On December 17, 2020, FHFA published a final rule to establish the Enterprise Regulatory Capital Framework (ERCF). FHFA subsequently published three amendments in 2022.

FHFA is seeking comments on a notice of proposed rulemaking (NPR, or proposed rule) that would further amend the ERCF. By enhancing, clarifying, and otherwise refining various regulatory capital requirements for the Enterprises, the NPR would improve the safety and soundness of the Enterprises and contribute to the furtherance of the Enterprises’ missions.

​​Summary​

The proposed rule includes twelve areas of refinement to the current capital rule.
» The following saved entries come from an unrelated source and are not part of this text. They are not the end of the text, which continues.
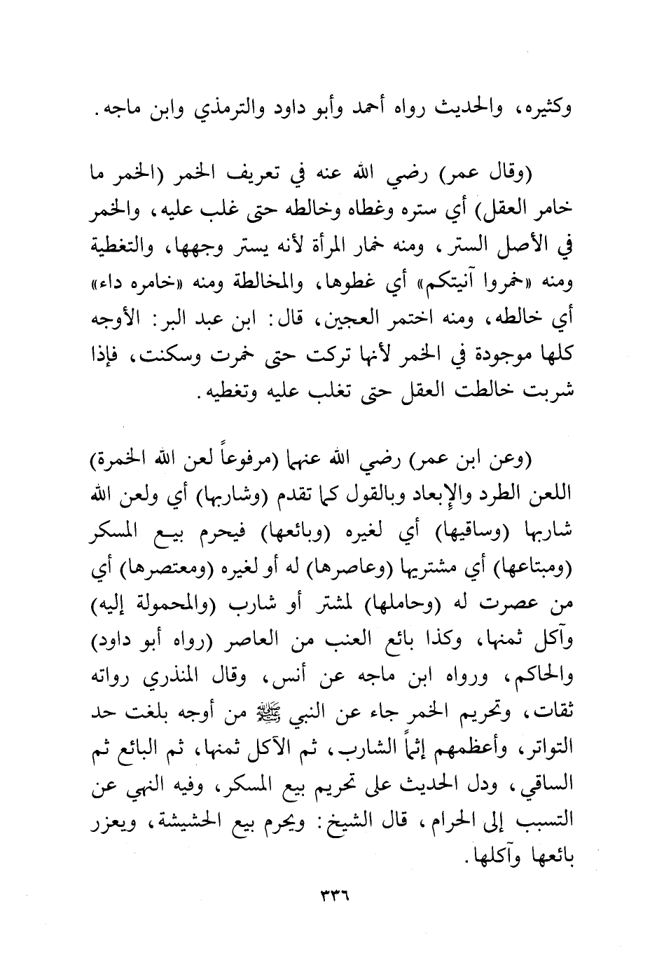 (وقال عمر) رضي الله عنه في تعريف الخمر (الخمر ما خامر العقل) أي ستره وغطاه وخالطه حتى غلب عليه، والخمر في الأصل الستر، ومنه خمار المرأة لأنه يستر وجهها والتغطية ومنه «خمروا آنيتكم» أي غطوها، والمخالطة ومنه «خامره داء» أي خالطه، ومنه اختمر العجين، قال: ابن عبد البر، الأوجه كلها موجودة في الخمر لأنها تركت حتى خمرت وسكتت فإذا شربت خالطت العقل حتى تغلب عليه
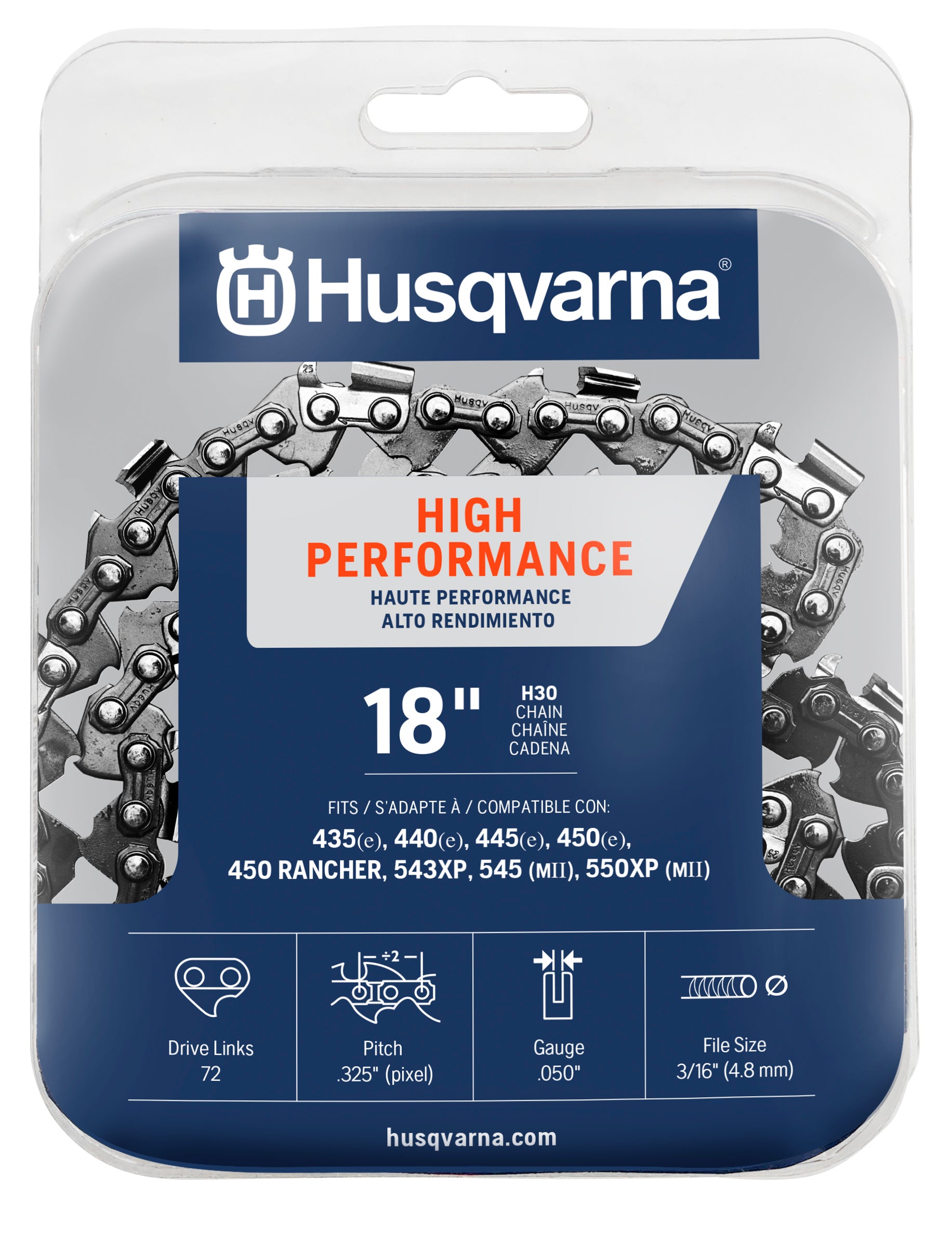 Give your chainsaw excellent precision and performance with the Husqvarna H30 Narrow Kerf 18 Inch Chainsaw Chain. This Husqvarna chainsaw chain is compatible with the following gas chainsaw 18 inch models: 435(e), 440(e), 445(e), 450(e), 450 Rancher, 543XP, 545(MII) and 550 XP(MII) models. Due to their smooth operation, lasting sharpness and low kickback, these chainsaw chains are developed to meet the specific needs of today's lightweight chainsaws. This replacement chainsaw chain generates high cutting efficiency while improving maneuverability and reducing strain on the body. Husqvarna chainsaw parts are highly durable from a balanced combination of materials and manufacturing processes. In addition, they are pre-stretched at the factory to work longer without needing to be adjusted. With excellent precision and performance in narrow spaces, this chainsaw blade replacement is suitable for commercial cutters, arborists and occasional users.
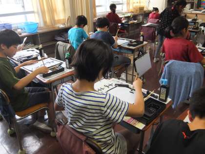 じっくりとお手本を観ながら半紙に向かいました。
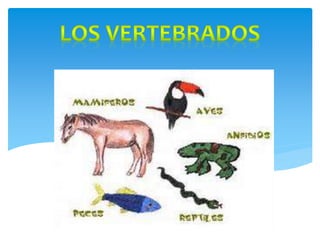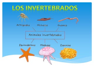 Este documento describe las características de los animales. Los animales son seres pluricelulares heterótrofos que tienen órganos de los sentidos y pueden desplazarse. Se dividen en invertebrados, que carecen de esqueleto interno o columna vertebral, y vertebrados, que poseen esqueleto interno y columna vertebral. Tanto los invertebrados como los vertebrados realizan funciones vitales como la nutrición, la respiración y la relación con el medio.
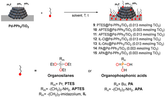 A new series of catalysts was synthetized by deposition of TESs and PAs modifiers over the previously synthesized Pd-PPh3/TiO2 material (Scheme 4). The newly prepared systems were characterized by TEM and ICP, and FT-IR, TGA, HR-TEM, and XPS analyses were also performed for representative examples.
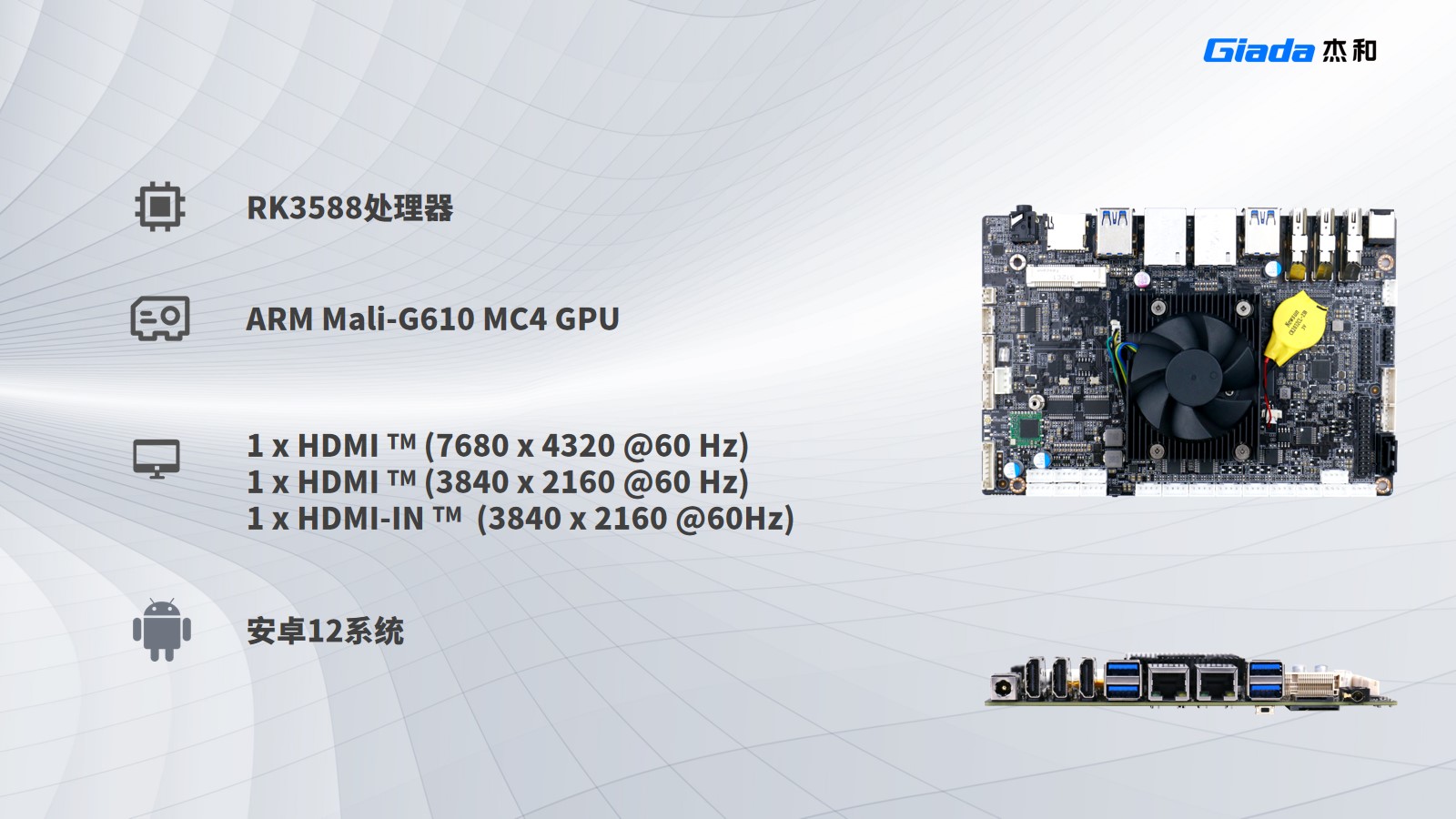 与前面几款产品对比,IB3-771拥有更强的算力,能够处理高达3200万像素的图像数据,适用于边缘计算设备和智能终端,如智能监控、官方自动化和智能零售;搭载瑞芯微RK3588处理器,支持安卓12系统,内置G610 MC4 GPU,支持8K视频硬件解码编码及多摄像头输入,提供eDP/DP/ HDMI2.1/MIPI 多种显示接口。

Key changes include:

  • A 5 percent r​isk weight and 50 percent credit conversion factor for cross guarantees on commingled securities;
  • A risk multiplier of 0.6 for multifamily mortgage exposures associated with properties with certain government subsidies;
  • A standardized approach for counterparty credit risk (SA-CCR) as the method for computing risk weights for derivatives and cleared transactions;
  • ​​A modified procedure for determining a representative credit score for single-family mortgage exposures.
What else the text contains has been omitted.